→ **ASSIGNMENT**:
Working from the data below, write out exactly the lines from its first through the line that contains "这张 AB 测试结果汇报图,是", both ends included and pictures omitted.

→ **SOURCE MATERIAL**:
- - -
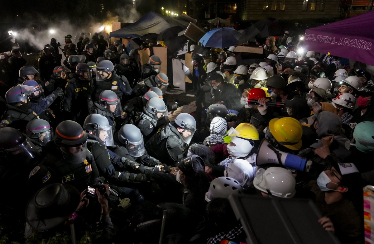 epa11314303 Police officers confront demonstrators gathered at the ongoing encampment of pro-Palestinian protesters on the campus of University of California Los Angeles (UCLA) in Los Angeles, California, USA, 02 May 2024. Nationwide protests have sprung up across the country on school campuses, many calling for institutions to divest investments in Israel and in support of a ceasefire in the Gaza conflict. EPA/ALLISON DINNER
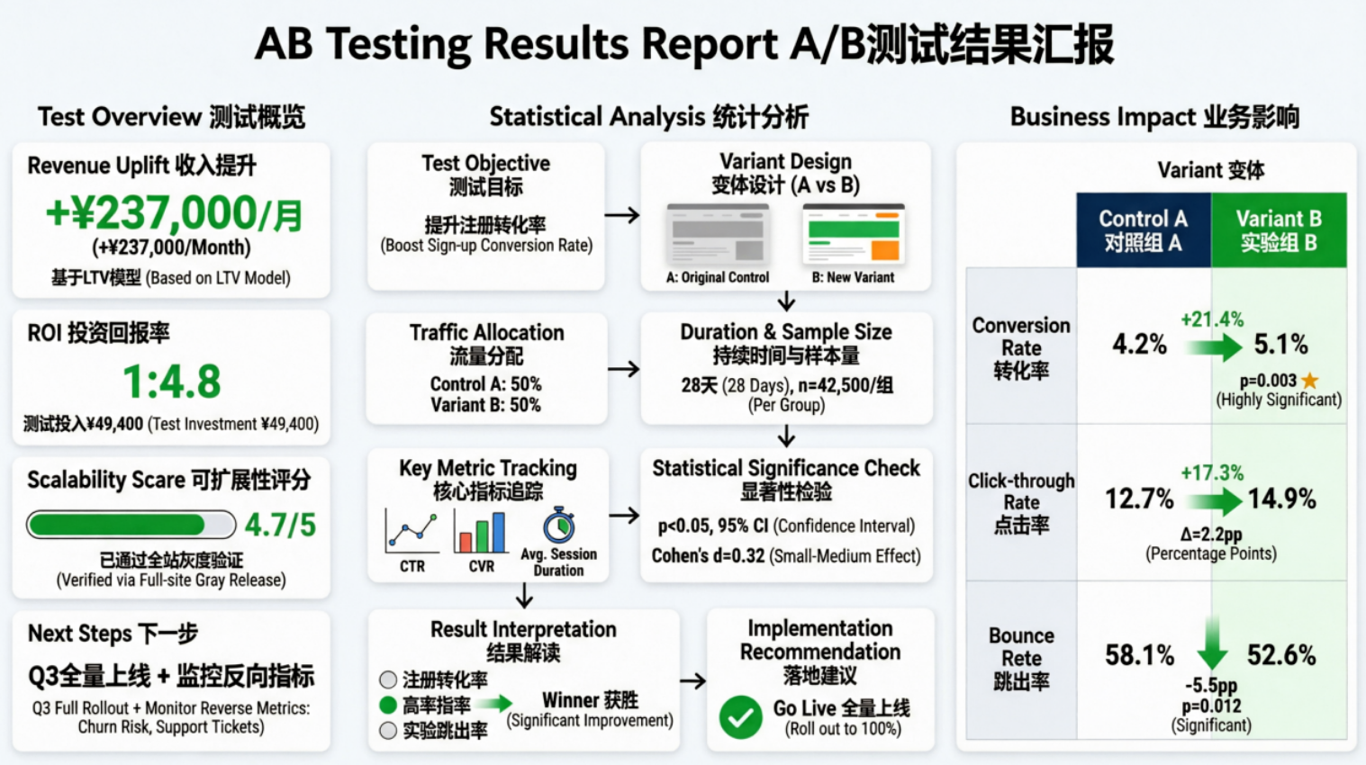 这张 AB 测试结果汇报图,是 Qwen-Image-2.0 在商业领域应用的绝佳范例。它不仅清晰地生成了复杂的信息图表、数据对比和业务指标,更重要的是,其生成的营销素材在实际测试中带来了显著的业务提升:
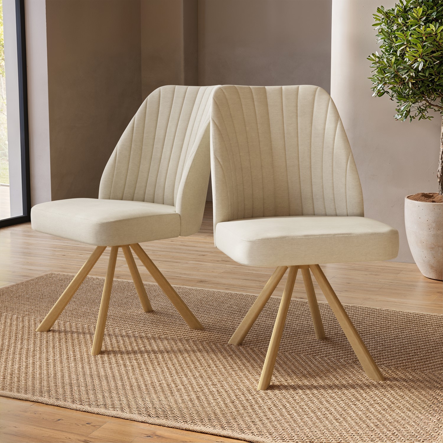 The Logan swivel dining chairs in beige fabric are a perfect blend of style and practicality. Their curved backs and vertical stitch detailing create a clean, modern silhouette, while the light wood legs lend a soft, natural feel that complements both classic and contemporary interiors. The 360° swivel base with auto-return means each chair resets itself when not in use, keeping your space effortlessly tidy. Upholstered in soft beige fabric and generously padded, they offer the comfort you need for everyday meals or entertaining guests.
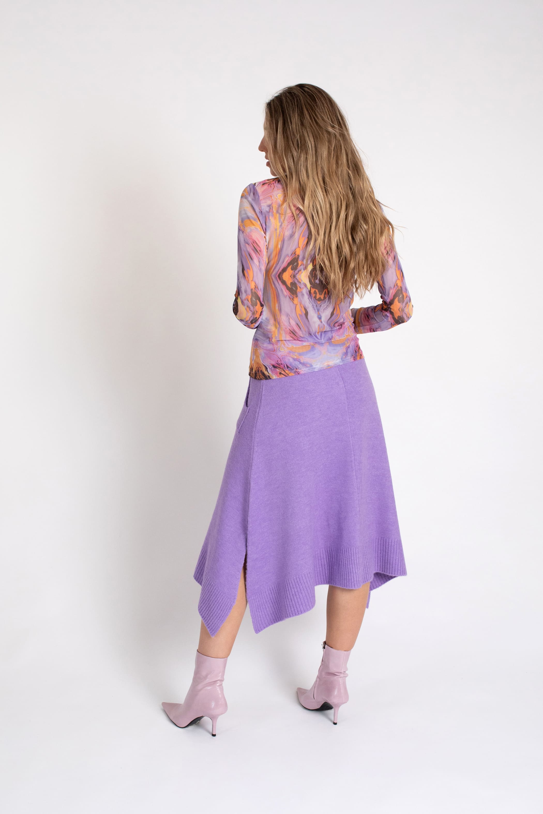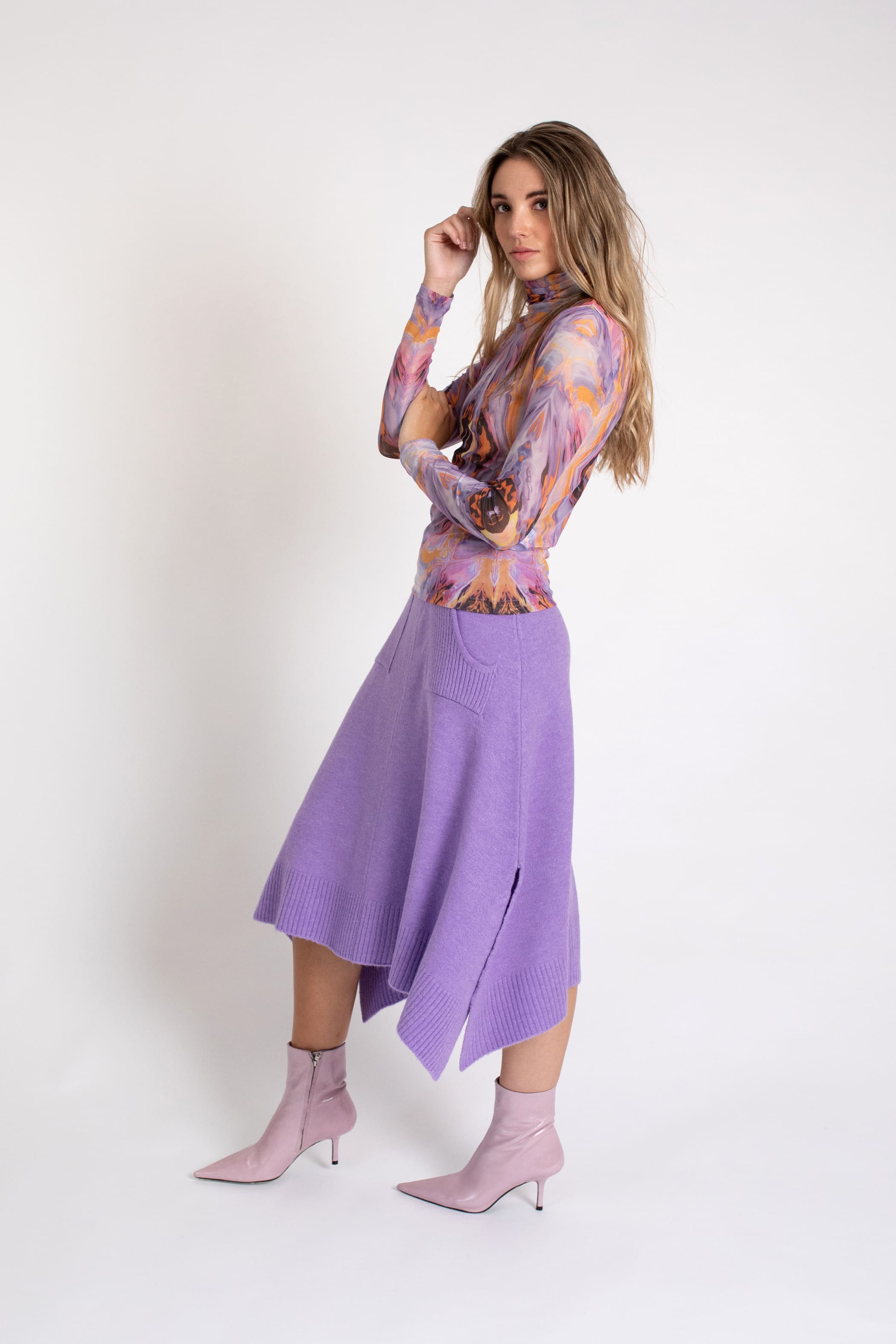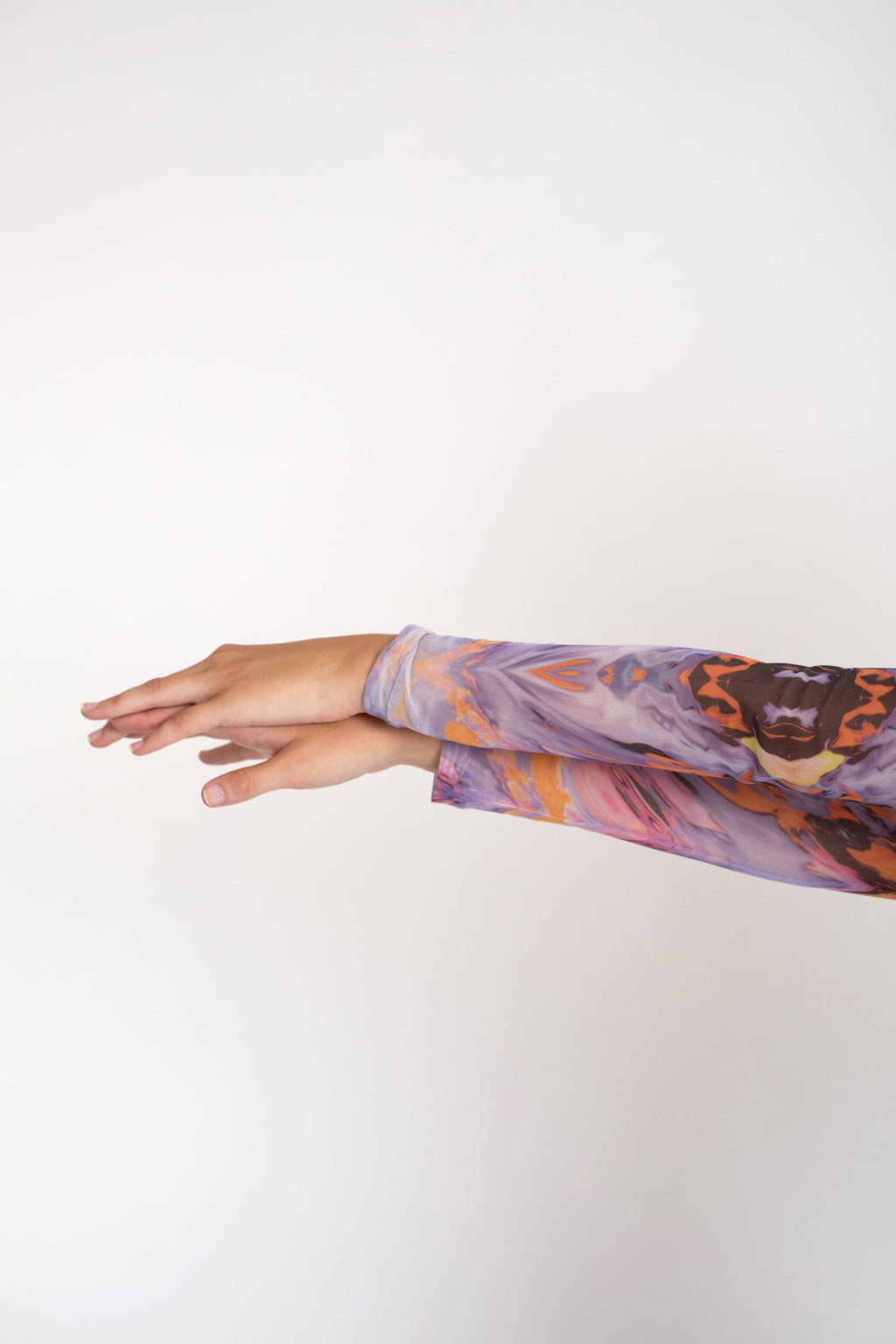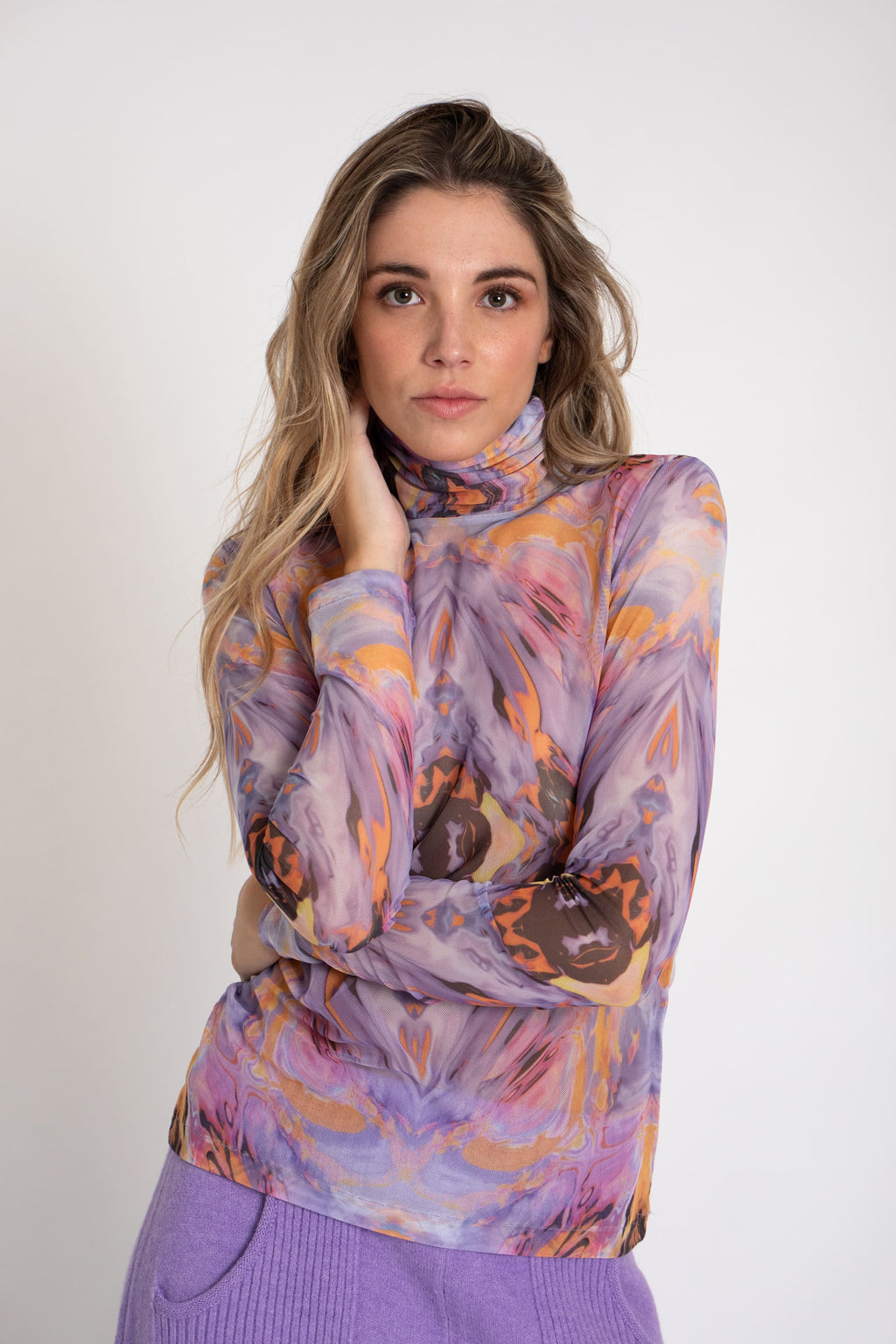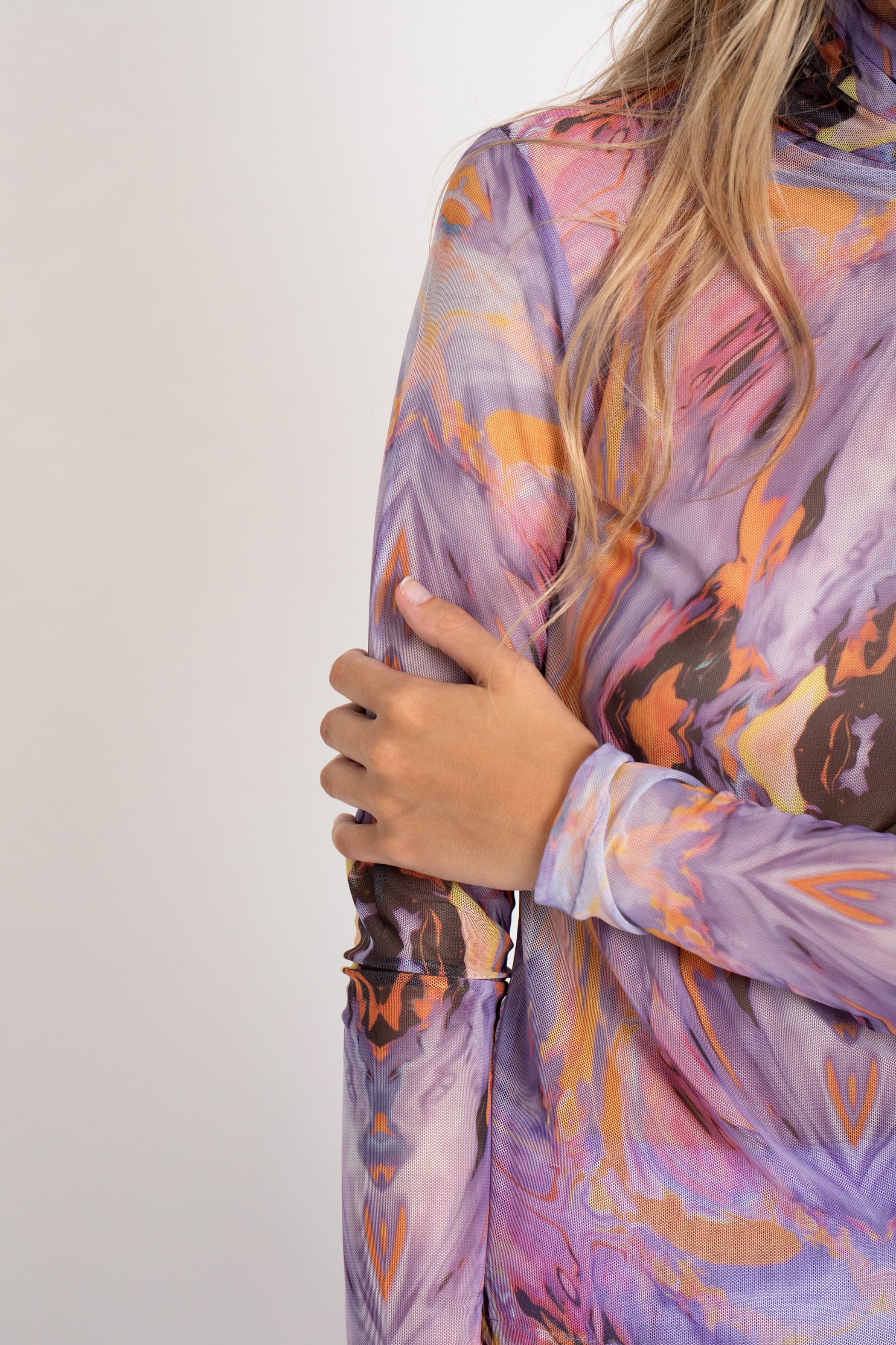 Camiseta de tul estampada con manga larga y cuello vuelto
- - -
→ **ANSWER TO THE EXERCISE**:
 epa11314303 Police officers confront demonstrators gathered at the ongoing encampment of pro-Palestinian protesters on the campus of University of California Los Angeles (UCLA) in Los Angeles, California, USA, 02 May 2024. Nationwide protests have sprung up across the country on school campuses, many calling for institutions to divest investments in Israel and in support of a ceasefire in the Gaza conflict. EPA/ALLISON DINNER
 这张 AB 测试结果汇报图,是 Qwen-Image-2.0 在商业领域应用的绝佳范例。它不仅清晰地生成了复杂的信息图表、数据对比和业务指标,更重要的是,其生成的营销素材在实际测试中带来了显著的业务提升:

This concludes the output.